Leading 7-2 after a six-run third inning, Stein watched with bated breath as senior starting pitcher Nick Lorio gave up his 10th hit of the game, allowing two more runs to score with two runners on, two outs and the tying run at the plate.
Stein’s team told him in a preseason team meeting they would be the ones to win it for all the team members from as far back as the 1970’s that fell painstakingly short.
“But we always talk about in our program that a goal without a plan is nothing more than a fantasy,” he said.
That preparation for the weight of Tuesday’s game came in finding other pressure-packed situations — some won, some lost — and adapting. The Comets dropped a regular-season game 6-5 to Lutcher in the first week of April after holding a three-run lead in the seventh.
“I think that made us realize how fragile winning is,” Stein said. “It’s not like football, where you can take a knee, or basketball, where you can pass it around. You have to get all 21 outs.”
It’s a lesson St. Charles learned on the right side of things, too, less than two weeks ago in coming back from a one-game hole in a three-game series against third-seeded Teurlings Catholic on the road, winning two games on May 5 — both by a single run — to clinch a berth to Sulphur.
But Stein looked on from the dugout early in Sunday’s championship while he watched his players gripe and stomp over a wider-than-normal strike zone that helped land University starter Lance Wade four strikeouts in his first five batters. It was a reaction those with a championship pedigree might not make and one he knew they would regret one day.
“I said ‘Look, we’re not going to come here and say “Hey, you know that year we could have won a state championship but the umpire’s zone was big?” ’ I said ‘We’re not doing that, so let’s quit the body language,’ ” he said. “ ‘Let’s get on top of the plate and expand our plate.’

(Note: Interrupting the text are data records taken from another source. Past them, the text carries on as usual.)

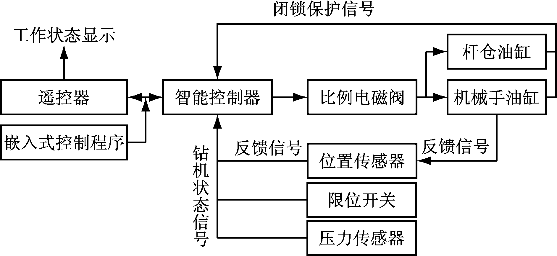 目前,智能控制器在工程机械的电液控制系统中逐渐得到推广应用。这种控制器相对于过去的可编程逻辑控制器(PLC),具有更加强大的计算能力,可以进行智能控制计算;具有更加强大的驱动能力,不需要继电器的配合,就可以直接输出大电流去控制电磁阀;具有更加紧凑的结构和丰富的硬件接口。本文利用某公司的智能控制器进行隔爆设计,并进行电气隔离保护设计,开发了矿用本质安全兼隔爆型液压控制器。该控制器集成度比PLC高,适应性更强,并且功耗也比较低,可以应用于井下绝大部分设备的电液控制[10-11]。本文以该控制器为核心,设计了换杆装置控制系统,其结构如图4所示。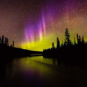 23/50 Ve stejnou dobu 'Crooked River Aurora', vzácná modrofialová polární záře ve vysokých nadmořských výškách, v mé sbírce Intrepid Nights prodána do úžasného @doclyndems.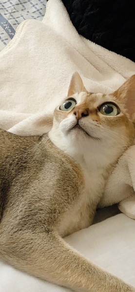 | 特徴(性格など) | 甘えん坊の女の子です。 体も小柄で(現在2.8kg)可愛らしく、声も小さく可愛いですが、お返事するくらいでほぼ鳴きません。 スリスリ甘えん坊ですが、臆病なので慣れるまで時間がかかるかもしれません。 *猫種 シンガプーラ *毛色 セピアアグーティ *目色 グリーン *完全室内一頭飼いでしたので、お家に迎えてから1度予防接種したのみです。 今年3月に血液検査しましたが、異常ありませんでした。(検査結果用紙あり) |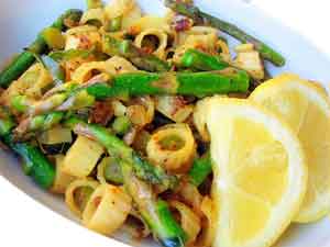 - Add the asparagus stems and sauté for 2-3 minutes; then cook covered, stirring occasionally, until fork tender.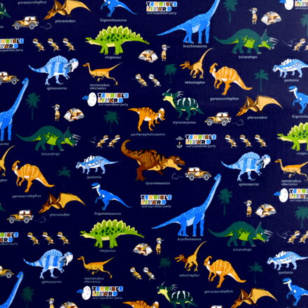 男の子に人気が高い恐竜柄のビニールコーティング加工された生地です。水を弾きやすいため、汚れてもさっと拭くだけで清潔に保つことができます。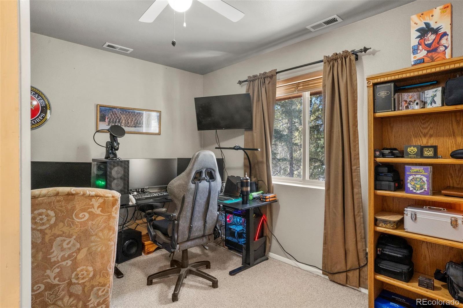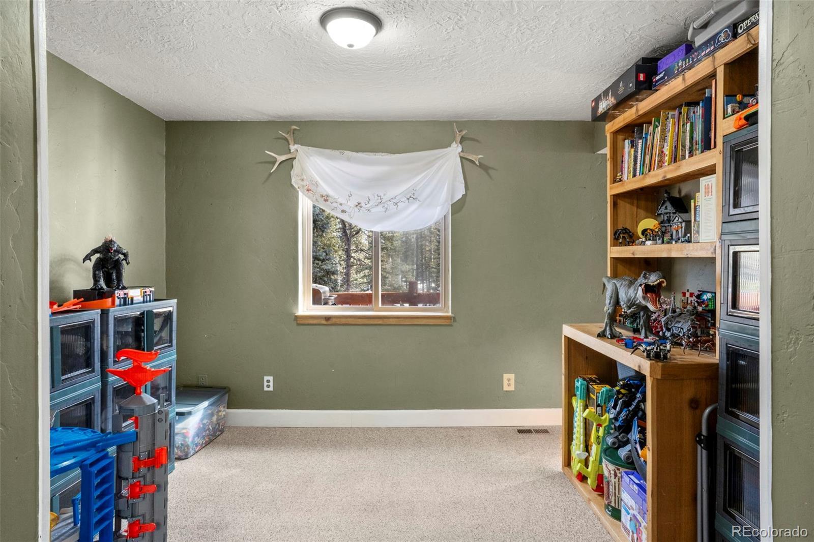 Welcome to this beautiful mountain home, set on 1.37 acres in the highly sought-after Spring Valley community. Surrounded by trees and frequent wildlife, the setting feels peaceful and connected to nature while still being part of an established neighborhood. As you arrive, you’ll appreciate the flat driveway, a rare and valuable feature in the mountains that makes access easy year-round. The property offers an oversized two-car garage, plenty of parking for all your toys, a fenced backyard, and two storage sheds, providing ample space for vehicles, equipment, and mountain gear. A covered front porch offers a welcoming entry, while the back deck overlooks a treed setting that changes beautifully with the seasons. Inside, the home feels warm and functional. The main level includes a half bath and a true bonus room just off the dining area, offering a defined space ideal for an office, creative room, or flex space. The kitchen features generous counter space and newer appliances, making it both practical and inviting. Upstairs, you’ll find bedroom-level laundry and four spacious bedrooms, including a primary suite with an attached bath and generous storage, along with an additional full bathroom. We wrap up the tour with the walkout basement, which features abundant natural light and is fully above ground. This level includes a large bedroom, a bathroom rough-in, and extensive unfinished space, offering excellent potential for additional living space, recreation areas, or a private secondary setup. As part of the Spring Valley community, the property offers access to private fishing lakes, a clubhouse, and community amenities, adding to the appeal of this mountain setting. This home combines classic Colorado character, usable land, and a flexible floor plan, offering a mountain lifestyle that feels both practical and full of possibility.

“We’ve been a momentum team all year, and once we got rolling, it was really nothing more than a snowball effect, and you saw what we’re capable of doing.”
Very quickly, one RBI single turned into a double and then a two-run triple from the game’s Most Outstanding Player Robert Gilbert, who finished 3 for 4 with three RBIs. The Comets rattled off six hits in seven at-bats in the third, good enough for a 6-0 cushion gained through sheer grit.
For all those who had been in their shoes before and lost, but also for themselves.
“Even though I did tell them this season just to focus on 2019, I can’t tell you how many people reached out and wanted us to win this,” Stein said. “For the former guys and former players and everybody, this is for the community and the other runners-up.
“Hopefully they can feel part of this.”